Task goal: Reproduce only the lines below from the line containing "Higher School of Economics Campus." to the line containing "tegrated comfort and", exactly as written, with both end lines kept. Omit the pictures.

Information provided:
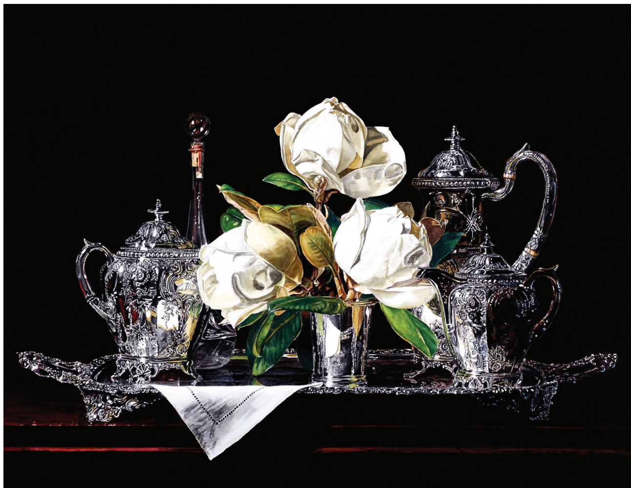
"Magnolias and Silver" by Laurin McCracken Watercolor on 100% Cotton rag paper

The photo of the final painting (below) was taken with a Canon EOS SD5 to create the highest possible image.
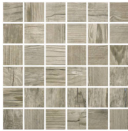
Silver Falls 2X2 Mosaic 11"x11" | Porcelain
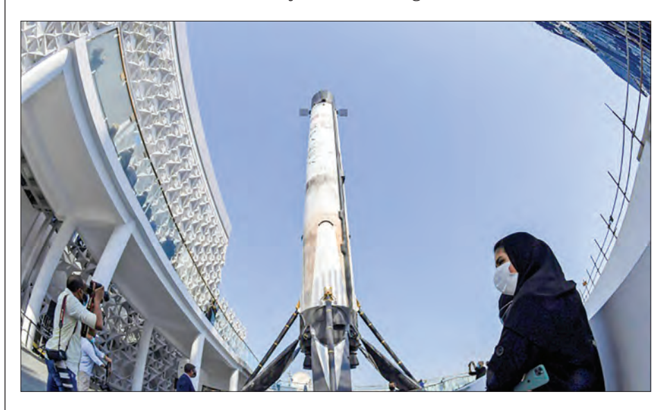
The US government turned to the fair's host, the United Arab Emirates, for funding for the pavilion after failing to find financing at home.
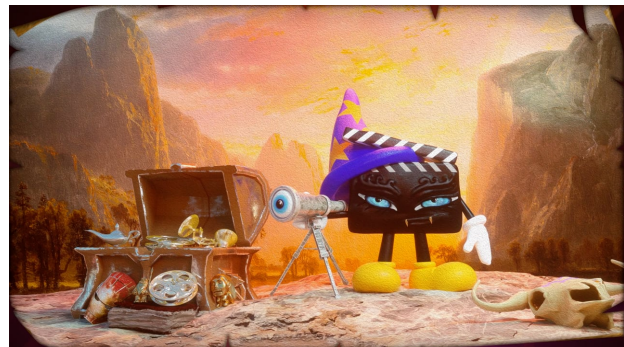
Hypnosis of the Stolen Painting- The Geographer, 2021 4min11sec
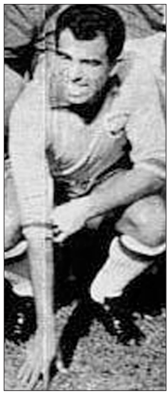
VAVA Brazil great Vava no more
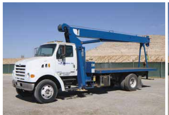
Sterling L7500 w/Manitex M1461 14 Ton | Las Vegas
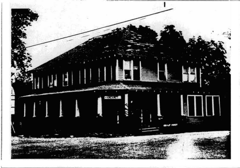
Historic Resources of Stone County Commercial Hotel, ST-94 Mountain View Don Brown, photographer 1983 Negative on file at the AHPP Viewed from the southwest
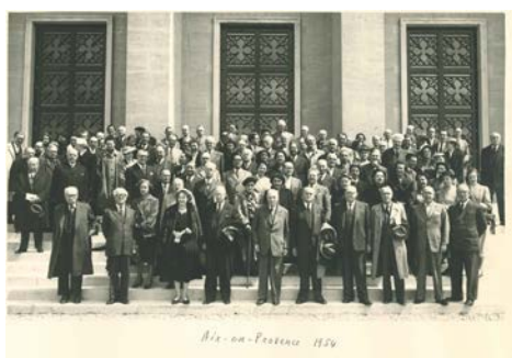
IIL members, Aix-en-Provence 1954

The Institute's mission is to reflect on, debate and adopt texts on topical issues of international law, which are intended to inspire the practice of international law 3 . At its last session in 2021 (organised exceptionally online), the Institute adopted resolutions on :
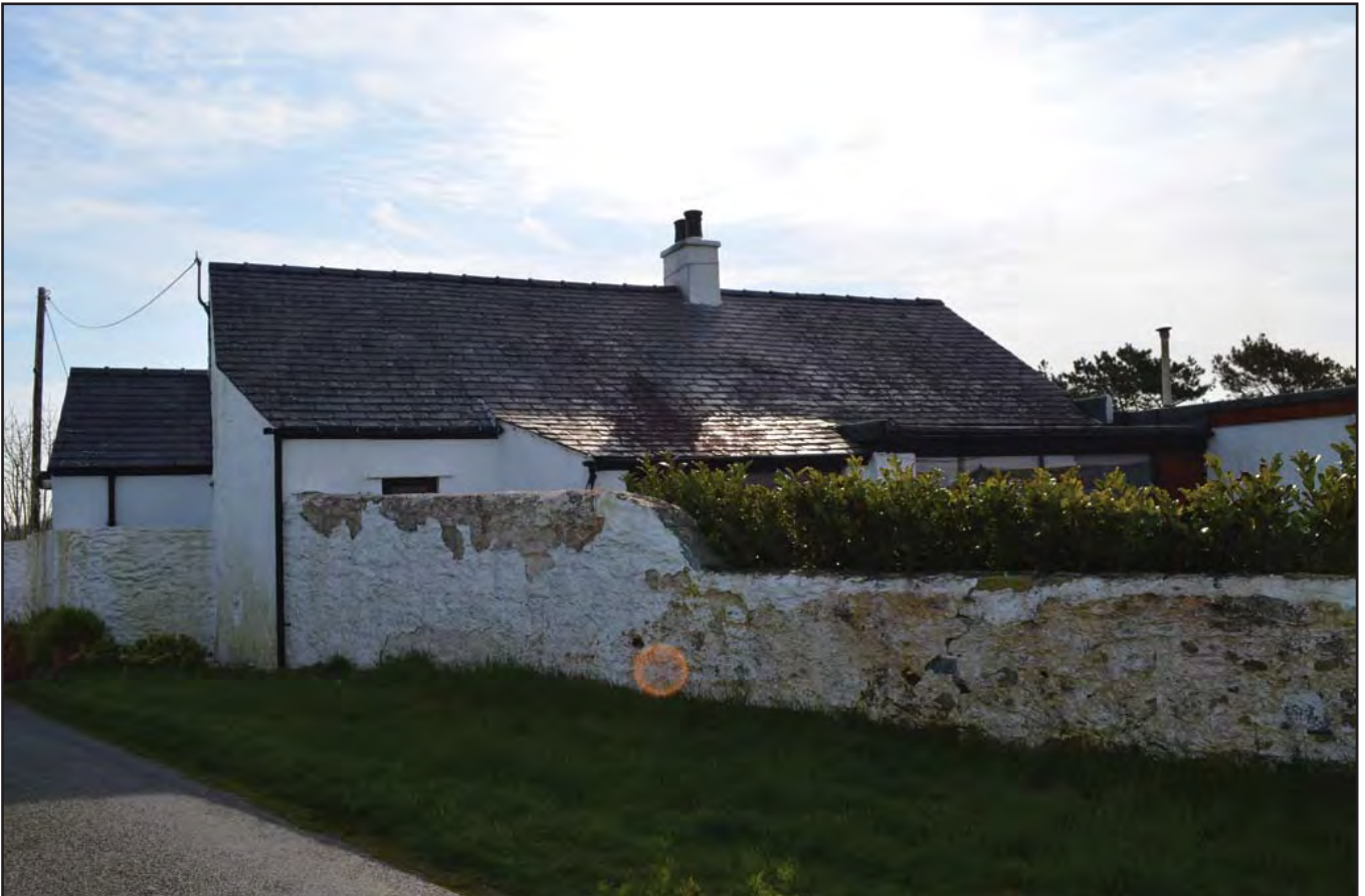
Plate 258: Asset 286, earliest part of Myndd-groes, viewed from the NW.
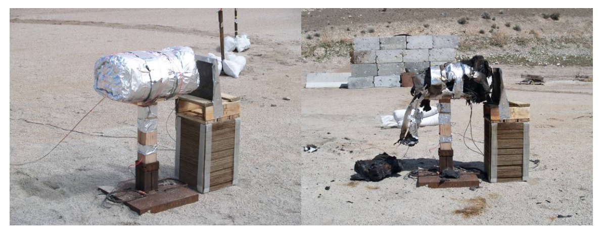
Figure 5. Pre- and Post-Test Pictures of the Slow Cook-off Oven

When these results are compared with testing performed by Collignon<sup>1</sup> using PBXN-110 in the same hardware, a burning response was also obtained. The reaction temperature of PBXN-110 in this test was approximately 17 °C higher than that of DLE-C038, which is to be expected because HMX is more thermally stable than CL-20.
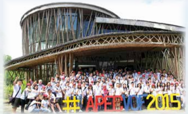
The APEC Voices delegation at the Gawad Kalinga Enchanted Farm at Bulacan, Philippines.
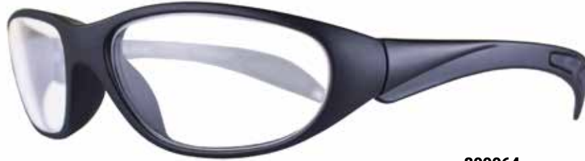
800064 Soft Matte Black
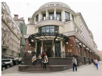
Higher School of Economics Campus.

Faculty, researchers, and students represent over 50 countries, and are dedicated to maintaining the highest academic standards. Now a dynamic university with four campuses, 2500 instructors and 27000 students HSE is a leader in combining Russian education traditions with the best international teaching and research practices. HSE offers outstanding educational programmes from secondary school to postgraduate studies, with top departments and research centres in a number of international fields.”
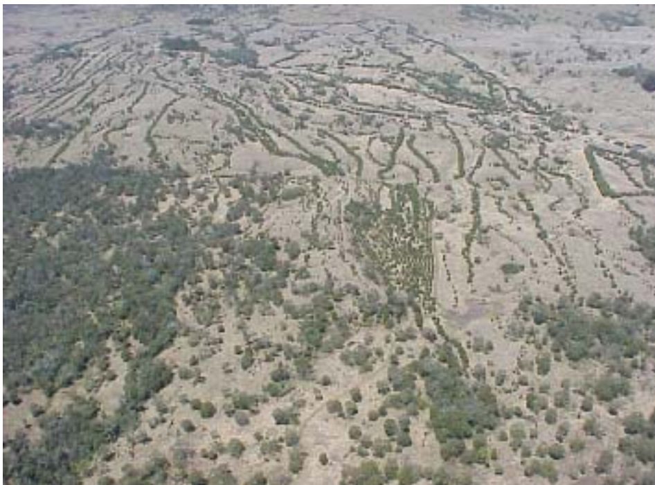
Reforestation of cleared lands at Hakalau Forest NWR.
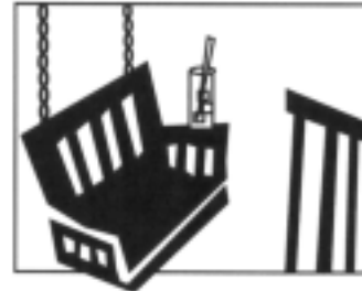
FRONT PORCH TUESDAYS

For more information about Front Porch Tuesdays as well as see pictures of how easy it is to participate, check out www.frontporchtuesdays.org .
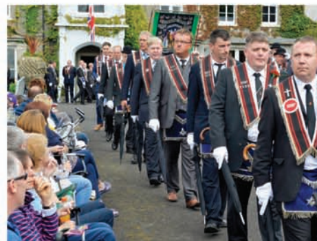
RBP 1133 on parade at Scarva Day.
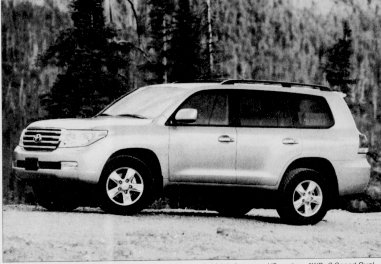
tegrated comfort and conve- light up, needles bounce once, Specifications: 5.7-Liter 32-Valve Dual VVT-i cam 381-hp @ 401 lb-ft. torque V8 engine; 4WD; 6-Speed Dual O/D w/sequential shift mode automatic transmission; 13-City 18-Highway MPG; $71,385. MSRP

Throttle response is improved dra full-size pickup. Toyota has into look dated or go out of style. The timing technology, cam lobe de- two overdrive gears at the top, in-
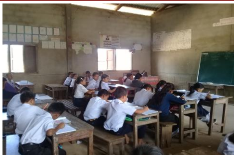
A classroom in the current school building
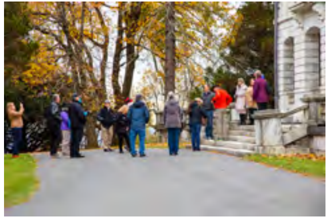
Some of our group getting ready to tour inside the house. Canon 5D Mark IV, 24-105L at 92mm, ISO 200, F6.3 at 1/200 sec.
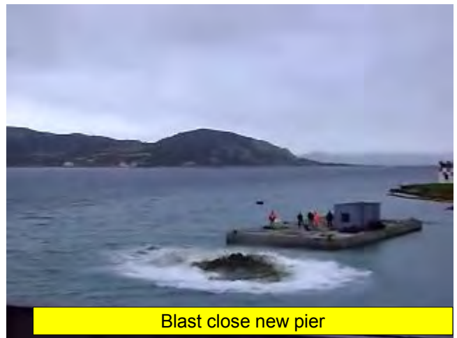
Blast close new pier

Underwater excavation of a granite formation for 4,000 m3 (5,230 cy) by shaped charges and explosives in blastholes. Project to host the G8 summit in La Maddalena Island – Old Arsenal.
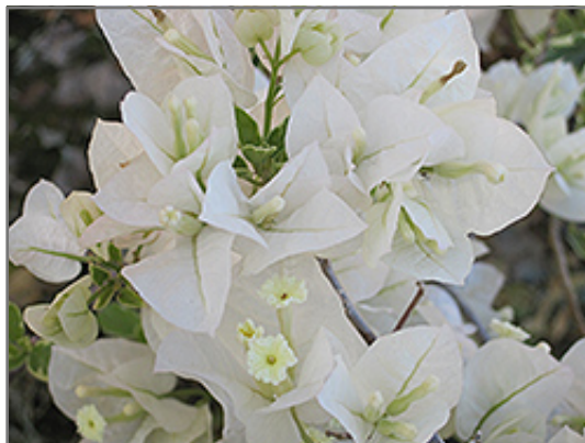
White Stripe Bougainvillea flowers
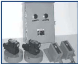
Pump Unloader Kits
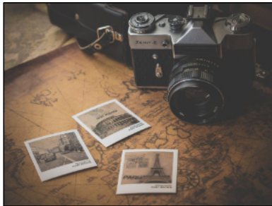
PHOTO LESSONS WHAT TO BRING
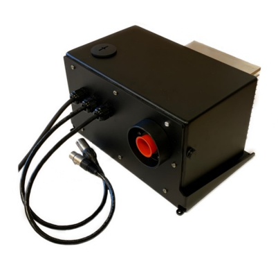
WARNING! Remove cap before turning on.
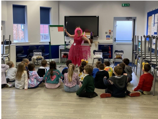
1 - Anti-bullying workshops with The Big Bubble Theatre
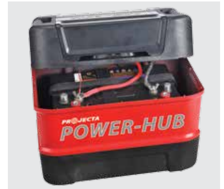
Compatible with a wide range of battery types & styles

The Power-Hub is ergonomically designed for outdoor applications with gutters moulded into the top housing to allow water to drain away from vital electrics, weatherproof covers to shield the plugs and sockets with a slot allowing the cords to remain plugged in while the cover is closed. Soft touch over-moulded handles provide maximum grip comfort and double as tie down points to secure it from moving around your vehicle.

Result for this task:
Higher School of Economics Campus.

Faculty, researchers, and students represent over 50 countries, and are dedicated to maintaining the highest academic standards. Now a dynamic university with four campuses, 2500 instructors and 27000 students HSE is a leader in combining Russian education traditions with the best international teaching and research practices. HSE offers outstanding educational programmes from secondary school to postgraduate studies, with top departments and research centres in a number of international fields.”
Reforestation of cleared lands at Hakalau Forest NWR.
FRONT PORCH TUESDAYS

For more information about Front Porch Tuesdays as well as see pictures of how easy it is to participate, check out www.frontporchtuesdays.org .
RBP 1133 on parade at Scarva Day.
tegrated comfort and conve- light up, needles bounce once, Specifications: 5.7-Liter 32-Valve Dual VVT-i cam 381-hp @ 401 lb-ft. torque V8 engine; 4WD; 6-Speed Dual O/D w/sequential shift mode automatic transmission; 13-City 18-Highway MPG; $71,385. MSRP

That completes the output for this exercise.